お互いドアの前で座った格好のままだったので、膝立ちで一歩岩ちゃんへ近づく。誤解を解くように当初の邪な思いを白状すると、彼は照れたような困ったような表情を浮かべた。


「この状況で・・・煽るなよ」


小さな声で呟いたけれど、私には何て言ったかよく聞こえなくて。聞き返そうとしたその時。彼の手がスルッと腰へ伸びてきてそのまま力強く引き寄せられる。

急で驚いたけれど、その手に抗う事なく身を任せればギュっ、と抱き締められた。
わ、今日二回目だ。なんてドキドキはしつつも先程とは違い多少の余裕があったので、そっとその背中に腕を回して密着すると、私と同じように少し速い心臓の音が聞こえる。

岩ちゃんも私と同じ気持ちなんだって伝わってきて、どうしようもなく嬉しい。少しの間心地いい温もりを堪能していると、優しく肩を押されて離される。

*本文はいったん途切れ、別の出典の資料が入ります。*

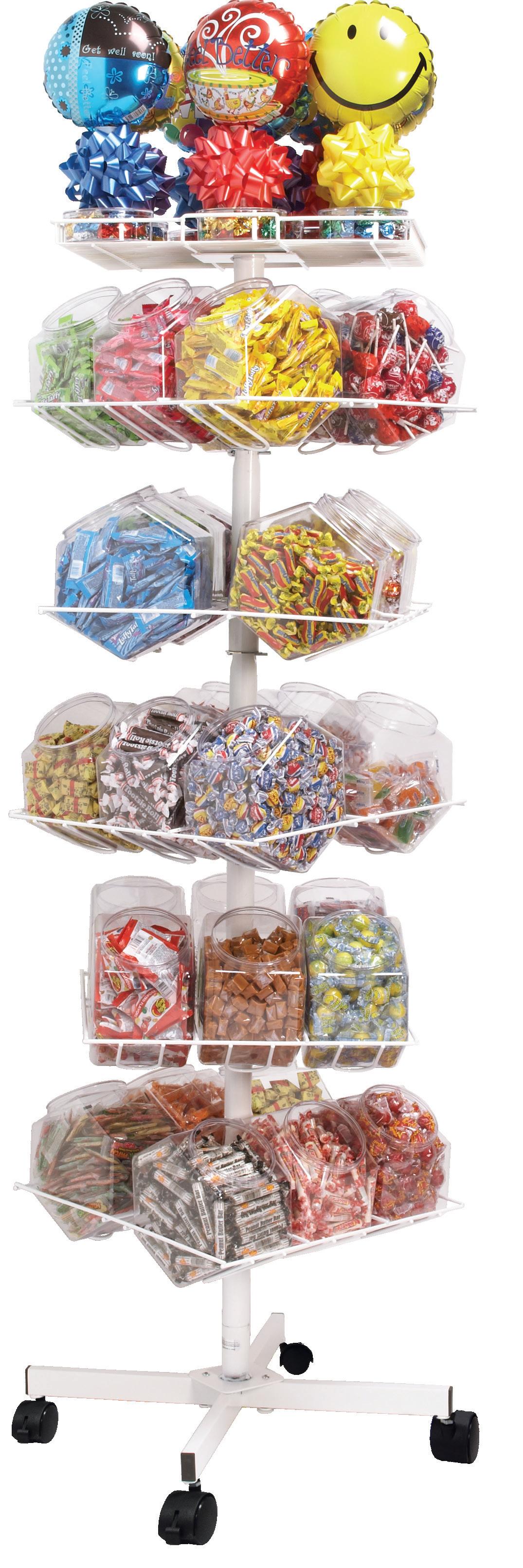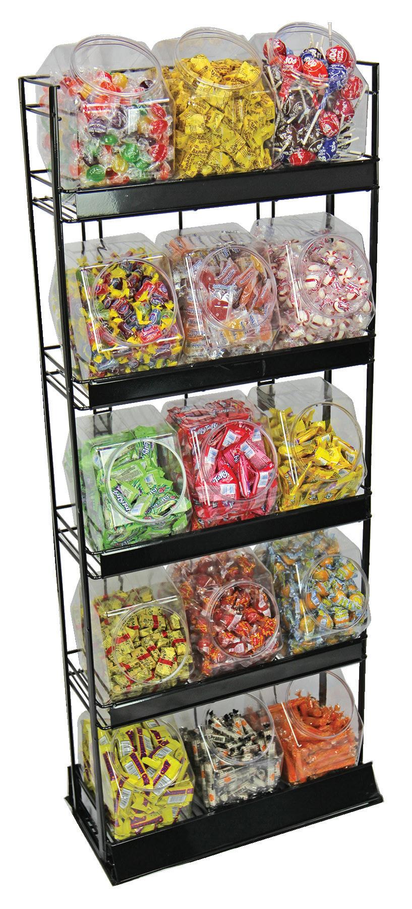 This metal display stands upright and can fit in a small space or up against a wall. The display holds 15 tubs and measures 183/4" W x 8" D x 461/2" H. Assembly required. This display and tubs typically sell for $275.00, but are yours for free with the purchase of 15 candy tubs.
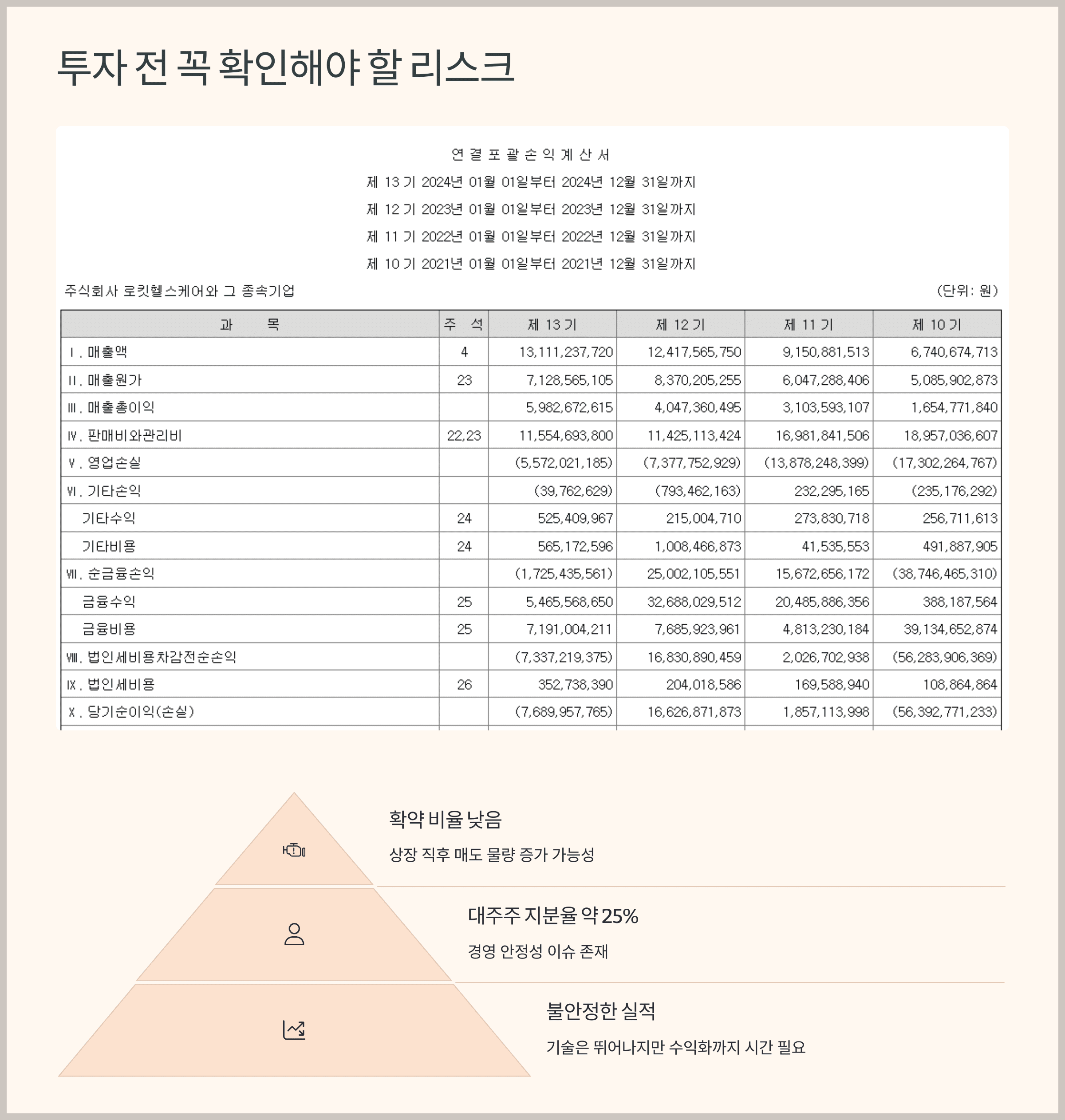 로킷헬스케어는 기술 기반 바이오 기업으로 미래 성장성이 매우 높은 종목입니다. 하지만 낮은 의무보유 확약 비율, 대주주 지분구조, 불확실한 수익성 등 리스크도 존재하니 단기와 장기 전략 모두 신중하게 접근하셔야 합니다.
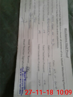 | Monitoring Date: 27-11-2018 | Start Time: 27-11-2018 09:25 AM | End Time: 27-11-2018 10:14 AM | Name of MEA: Za**** Hu**** | |

そのまま自然と近づいてくる彼を受け入れる様にそっと目を閉じた。


fin.




一話完結で終わるはずだったのに、何故かここまで長くなりました。。
そして最後・・・お気づきの方もいると思いますが、名前変換がありません。

あぁぁ、終わってから気付くという失態です。